DSC_0817I blinked and it happened.

Today our daughter turns  eight. She is celebrating her golden birthday.

Oh my dear girl, how did you turn eight? When I held you for the first time, your body snuggled on my chest. I felt your breath and the steady beat of your heart next to mine. I remember those early moments. The idea of mothering you thrilled and terrified me. As your eyes opened and closed, mine shed tears at the gravity of our meeting for the first time.

Your entry into my universe changed me forever. I’ve never envisioned I’d experience a love like yours. The one that is filled with hugs, kisses, and a million “I love you, Momma’s” throughout the day. Even if I yell or reprimand you, your forgiveness flows like a waterfall.

We are here. Now. 2,920 days later. These are the days of roller skates, Little Ponies, and Rainbow loom. You still believe in the magic of Santa and the Tooth Fairy. You enjoy playing Twister, laughing every time that your body topples to the ground. You sneak into your room and I hear you play “Teacher”  and  how you are instructing your “students” on what to do. You’ve amassed a number of school supplies, like erasers, folders, pens, and worksheets that you’ve kept from your own folder in order to properly educate the children in your classroom. This particular activity always makes me laugh because it reveals that you are your Momma’s daughter. There were many occasions when I played teacher in my room too.

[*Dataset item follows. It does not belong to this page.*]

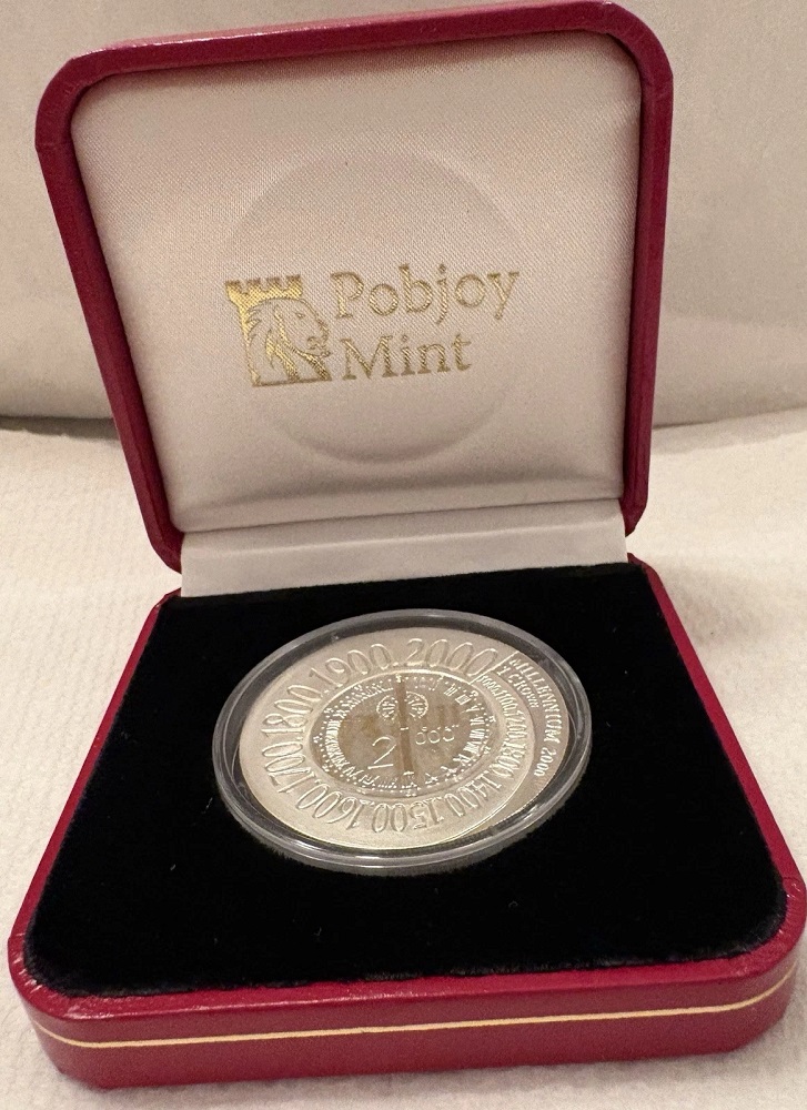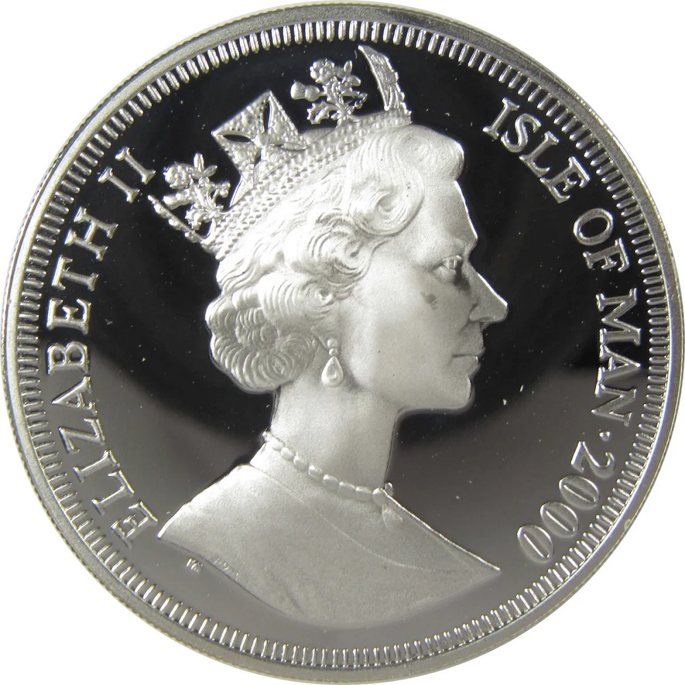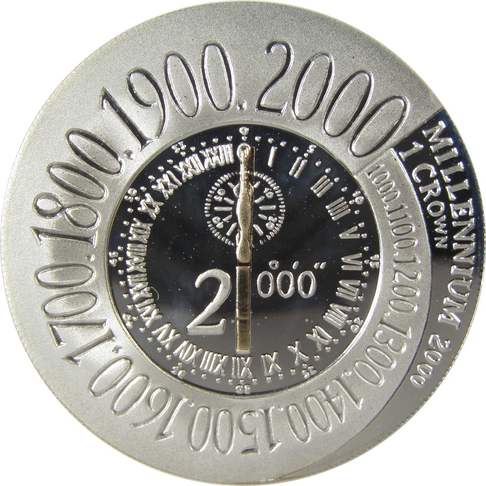 This gorgeous proof coin commemorates the Millennium and the Meridian Line that is the basis of Greenwich Mean Time, the time and date system of the world. The front shows the Old Royal Observatory Clock Face embedded with a brass strip from the Original Prime Meridian. In 1998, the physical brass strip was replaced with an electronic one in preparation for the new Millennium.

There are days that I worry so much about your sensitive nature. You still cry with angst at the slightest raised voice and criticism. This penchant for crying reveals your deeper and intense nature. As much as you love to laugh and enjoy the revelry of being a little girl, some of your questions border on intense for your age. The other day you asked me how to decide which side to take when family members are fighting. I did not have a clear-cut answer to a question that I still am trying to figure out myself. You ask about your grandfather that has passed and you say a prayer every night for your classmate who lost her mother last year. The other day you announced that you did not intend to marry because you wanted to live with momma and daddy forever. You innocently posed the question to your father on what he would do when he became a Grandpa, a question that struck me with joy and sadness about the anticipation of time passing.

Your relationship with your Daddy is one of fun and friendship. I watched as you two played basketball on the court. Your lanky body tried to out maneuver your Daddy and then as soon as you hit a basket, you announced, “I made it.” Still even after 8 years, you run to the door when you hear your Daddy’s car pull in. You’ve learned to greet him with a special handshake that only the two of you share.

I know that in a few years the context of our conversations will change. As much as you love me now in this moment, you may not appreciate the advice I give you  in the future. I already see evidence of your free will. Instead of accepting anything at face value, you ask why. When I try to give you an explanation, you respond with, “I don’t really get that.” This statement comforts me. It signifies that you aren’t completely grown-up, but are moving toward becoming a girl who will be asking questions that I cannot answer.

You are turning eight and the shock is all mine. There is so much you’ve taught me about love, forgiveness, wonder and worshipping the present moment.

Happy Happy Birthday My One and Only Dear Little Girl. I love you forever.